Baddeley chipped to 8 feet on the fourth extra hole - the 18th - and made the putt. Chopra, who made several clutch putts in regulation and in the playoff, dragged his par putt wide from a slightly shorter distance, giving the Australian the win.
``I felt pretty good about that chip. I knew exactly where it would break,'' Baddeley said. He added that his putt for par ``would have gone into a thimble.''
It was the fifth time in six years that the Masters was decided in a playoff. The 18th played as one of the most difficult Sunday because of the wind, with only four birdies there in the final round.
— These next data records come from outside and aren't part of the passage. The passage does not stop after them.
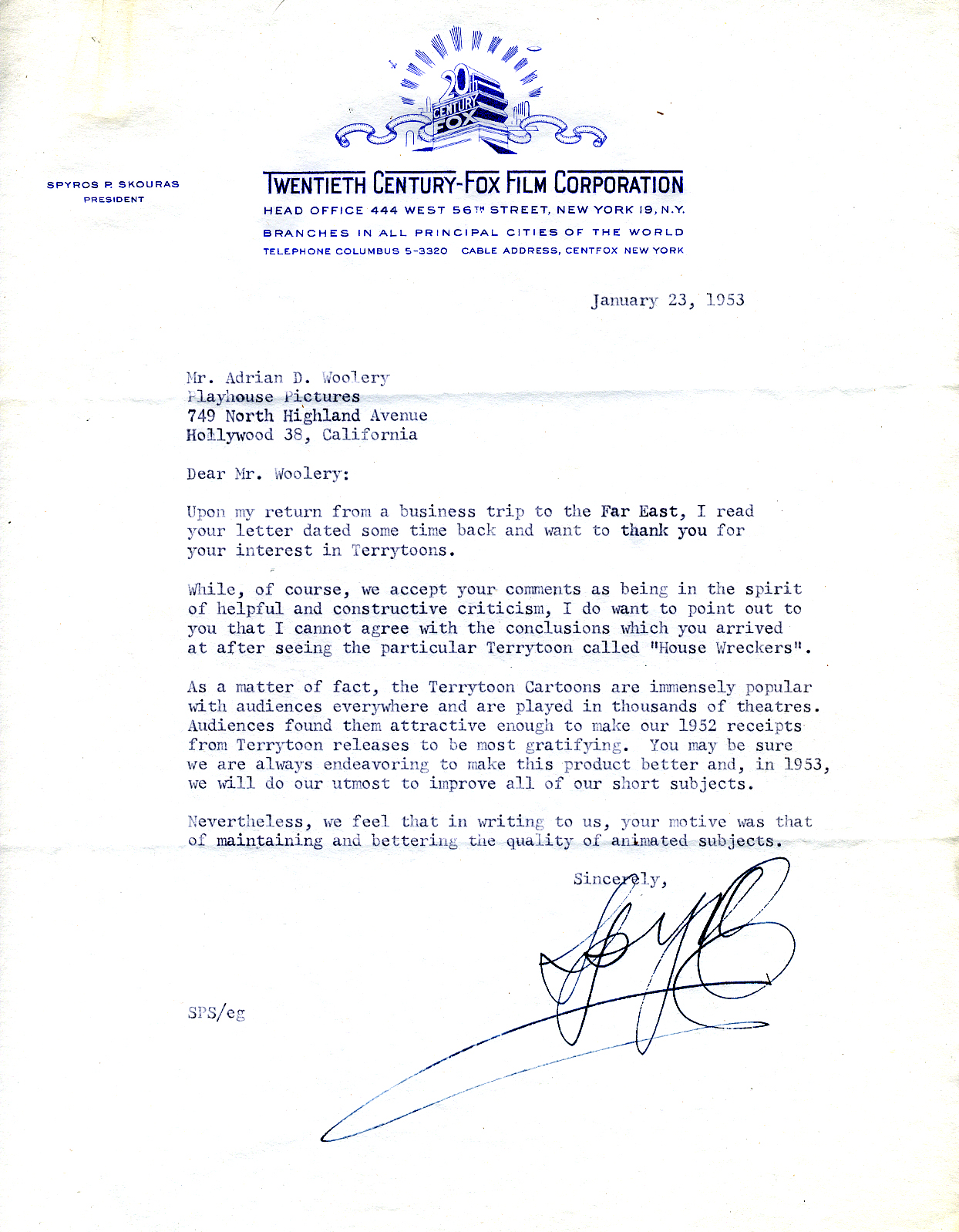 Was Woolery trying to convince Skouras to drop Terrytoons and commision Playhouse to provide modern cartoon shorts, as UPA did for Columbia? Skouras replied on January 23rd, 1953 (click letters at left), that he was quite pleased with the Terrytoons as is: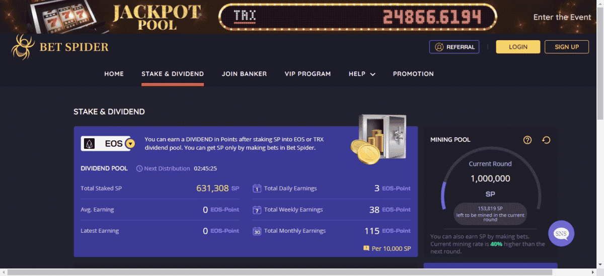 Como a maioria das cripto-casos, o BetSpider permite que você atire alguns de seus pontos para minerar EOS ou TRX, aumentando seus lucros. Quando você joga no BetSpider, você pode ganhar pontos SP. Esses pontos de SP podem ser apostados. Você só pode ganhar pontos de SP apostando, por isso, se você quiser muito minerar, não deixe de jogar muitos jogos! Retornos mensais em média 5.000 EOS e 258.000 TRX, fazendo desta uma maneira muito valiosa de ganhar dinheiro.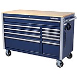 Husky 52 in. W x 24.5 in. D Standard Duty 10-Drawer Mobile Workbench Tool Chest with Solid Wood Work Top in Gloss Blue with Silver Trim $399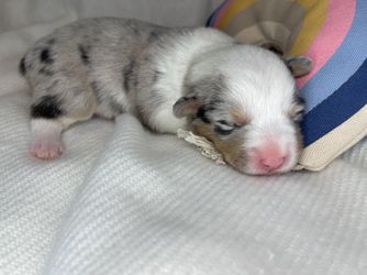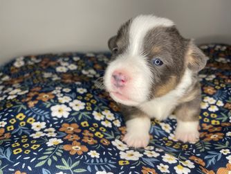 Our Pembroke Welsh Corgi puppies include sable, white and black, and white and red. American Corgi puppies include sable and white, black and white, red and white, and blue merle and white. Colors will vary depending on the parent dogs.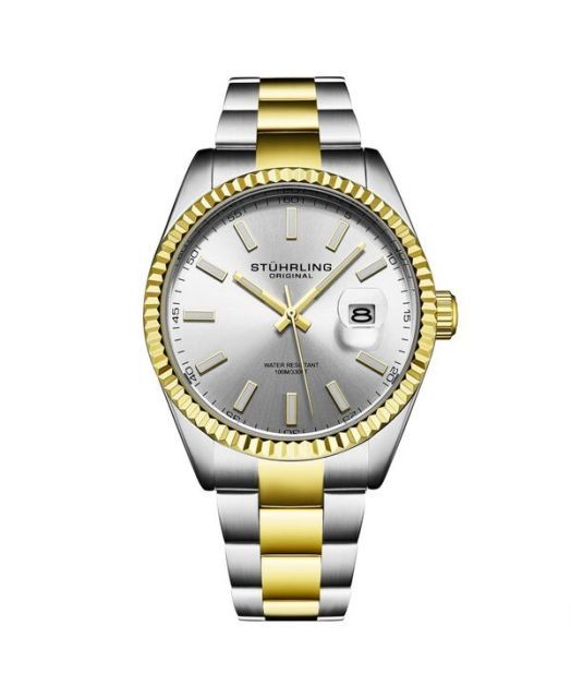 ストゥーリング レディース 腕時計 Vanguard 4069 Men s Quartz Watch 42 mm Silver Dial Two-Tone Bracelet Fluted Bezel Date 100 M Water R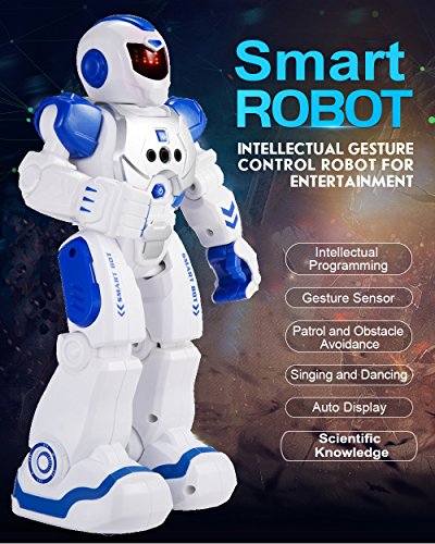Gesture control,Patrol and obstacle avoidance,singing and dancing,intellectual programming,auto display,stunning LED eye lights to entertain you and your kids.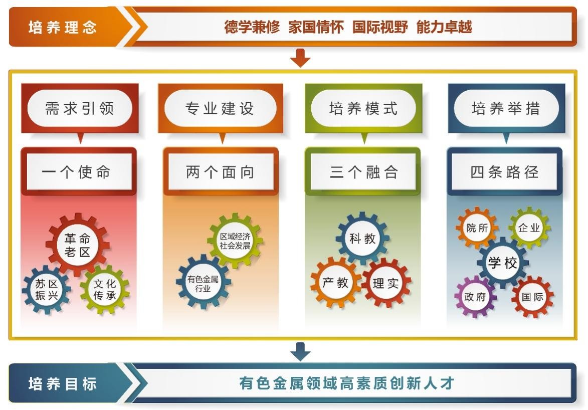 学校积极响应并深入实施高校学科专业的动态调整策略,通过多元化措施与全面发力,不仅强化了专业建设的规范化管理,还显著加大了专业动态调整的力度,从而实现了专业服务国家战略需求与区域经济发展的高度契合。一是围绕有色金属产业链人才培养加强顶层设计,突显学校办学特色。学校先后制定并发布了《江西理工大学服务传统产业优化升级和战略性新兴产业发展实施方案》及《江西理工大学关于进一步加强稀土领域一流学科建设以更好服务稀土产业高质量发展的若干意见》等一系列指导性文件。同时,还制定了《江西理工大学普通高校本科专业结构优化调整专项行动方案》等相关制度,并对《江西理工大学本科专业设置与建设管理办法》进行了修订,从而在制度层面为有色金属产业链的人才培养提供了坚实的保障。二是打造稀土领域特色专业链,服务有色金属行业发展。通过围绕有色金属领域,学校构建了一系列涵盖地质工程、采矿工程、矿物加工工程、材料物理、材料化学、无机非金属材料、金属材料工程、冶金工程、化学工程与工艺、机械工程、环境工程、法学以及信息科学等专业的人才培养链。同时,学校积极与赣州、鹰潭等有色金属产业的核心区域进行对接,建立了产业学院和产业研究院,探索出了校政企协同育人的新模式。三是优化学科专业群,服务江西数智创新人才培养。围绕矿业工程、冶金工程和材料科学与工程这三个一流学科,学校形成了绿色矿业、现代冶金、先进材料、智能装备、稀土领域以及人文社科等六大本科专业群。这些专业群不仅多维度地对接并落实了江西省的“1269”行动计划,还通过撤销9个本科专业、压减停招19个本科专业的方式,使得招生专业中与江西经济社会发展紧密相关的学科专业比例达到了90%以上。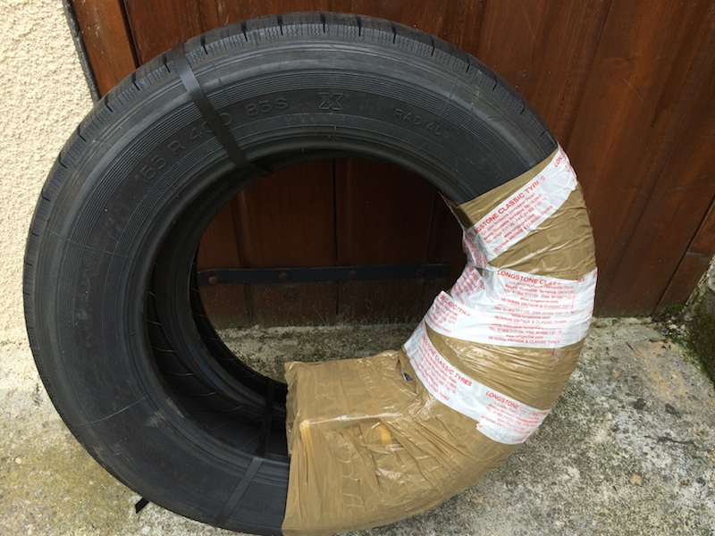 Must be my birthday today. Just received some new tools so I can start dismantling the front end of the car. Plus I got 4 new tires and inner tubes from Longstone Tyres in the UK. Free delivery and 2 days to get here, can't beat that, specially as I can buy VAT free on the business (another ancient support car for the cycling trips  ) Attachment:

``I felt I could eventually wear him down,'' Baddeley said. ``I was hitting the ball really well.''
Baddeley missed an 8-foot birdie putt on the first extra hole after Chopra missed his from twice that distance. Both missed long birdie putts on the second extra hole.
On the third extra hole, Chopra made a difficult 10-foot putt for par after Baddeley was left with a tap-in.
Baddeley closed with a 2-under 70 to match Chopra (71) at 13-under 275 on the Huntingdale course. Chopra birdied Nos. 15 and 16 in regulation, while Baddeley pulled into a tie for the lead with a birdie on 17.
Australia's Stuart Appleby made a double bogey on the 18th for a 69 that left him two strokes back in third. After his tee shot went into a fairway bunker, he pulled his 8-iron from the sand into the corporate marquee area.
His shot from the drop zone finished 25 feet from the hole, and the long uphill putt for par went 6 feet past. He two-putted from there for a 6.
Australia's Robert Allenby, the leader after each of the first two rounds, closed with a 73 to tie for 10th at 7 under. Rory McIlroy, the 18-year-old from Northern Ireland, was another stroke back after a 73.
Baddeley will travel to China on Monday for a junior tournament he sponsors. He'll return to the Australasian tour for December's Australian Open, a tournament he won as an 18-year-old amateur in 1999 and again the following year as a professional.